東証1部コア30採用銘柄のうち、配当利回り上位10社:6月2日時点
NO | コード | 銘柄名 | 業種 | 配当 利回り |
6月2日 株価 :円 |
1株当たり 配当金 :円 |
---|---|---|---|---|---|---|
1 | 2914 | 日本たばこ産業 | 食品 | 7.1% | 2,168.5 | 154 |
2 | 8316 | 三井住友FG | 銀行 | 6.0% | 3,169.0 | 190 |
3 | 8306 | 三菱UFJ FG | 銀行 | 5.6% | 443.0 | 25 |
4 | 8411 | みずほFG | 銀行 | 5.6% | 134.3 | 8 |
5 | 8058 | 三菱商事 | 商社 | 5.4% | 2,488.0 | 134 |
6 | 8031 | 三井物産 | 商社 | 4.7% | 1,693.5 | 80 |
7 | 4502 | 武田薬品工業 | 医薬品 | 4.3% | 4,159.0 | 180 |
8 | 8766 | 東京海上HD | 損保 | 4.3% | 4,628.0 | 200 |
9 | 9437 | NTTドコモ | 通信 | 4.1% | 2,948.5 | 120 |
10 | 9432 | NTT | 通信 | 4.1% | 2,468.0 | 100 |
出所:配当利回りは、1株当たり年間配当金(今期会社予想)を6月2日株価で割って算出。

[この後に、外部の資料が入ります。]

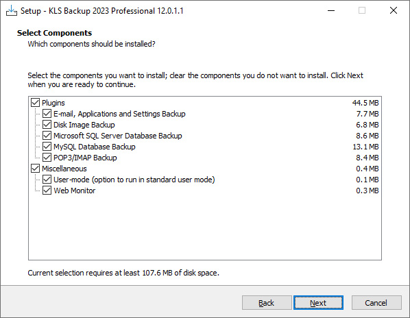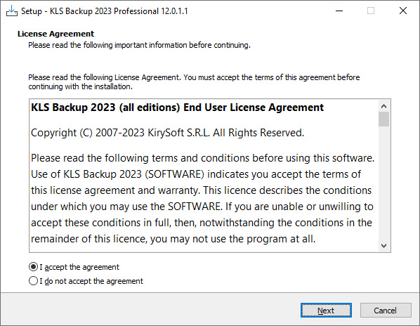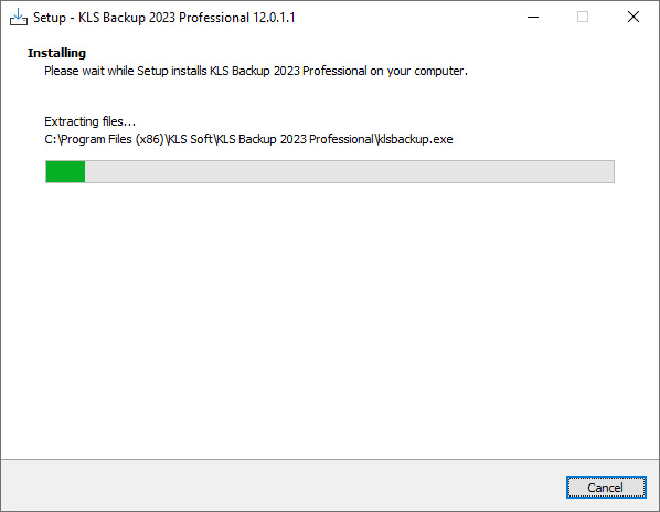 4. Follow the prompts in the installation program. The installer will update you copy of KLS Backup 2023, existing configuration files will be preserved.

今期とは、日本たばこ産業のみ2020年12月期、他は2021年3月期 |
実際にポートフォリオを作ってみる
それでは、上記の10銘柄を使って、実際にポートフォリオを組んでみましょう。
完全に10銘柄に同額を投資することはできないため、なるべく等金額になるように作ったのが、以下のポートフォリオです。全体の金額は約264万円です。このポートフォリオの平均配当利回りは5.0%です。
東証1部コア30銘柄から作った「ダウの犬」ポートフォリオ(平均配当利回り5.0%)
次に、非課税で投資できるNISA(ニーサ、少額投資非課税制度:年間の投資枠は120万円)で、投資できるように、投資金額を118万円に抑えて作ったのが、以下のポートフォリオです。このポートフォリオの平均配当利回りも5.0%です。
ダウの犬ポートフォリオから、118万円で買えるように5銘柄に絞ったポートフォリオ(平均配当利回り5.0%)
上記はあくまでも1つの例に過ぎません。投資金額を変えれば、他にもさまざまな投資の組み合わせが可能です。
投資信託で「高配当ファンド」を選んで買うのもいいですが、まとまった資金があるなら、こんなふうに自ら「手作りファンド」をつくるように、個別銘柄を買って長期保有するのも良いと思います。
なお、このように自分でポートフォリオを組むときに1つ注意点があります。「同じバスケットにすべての卵を入れるな」という投資格言があります。単一のリスクを取りすぎないよう、分散投資せよという意味です。同じ業種の銘柄ばかりでなく、いろいろな業種に分散投資した方が良いと思います。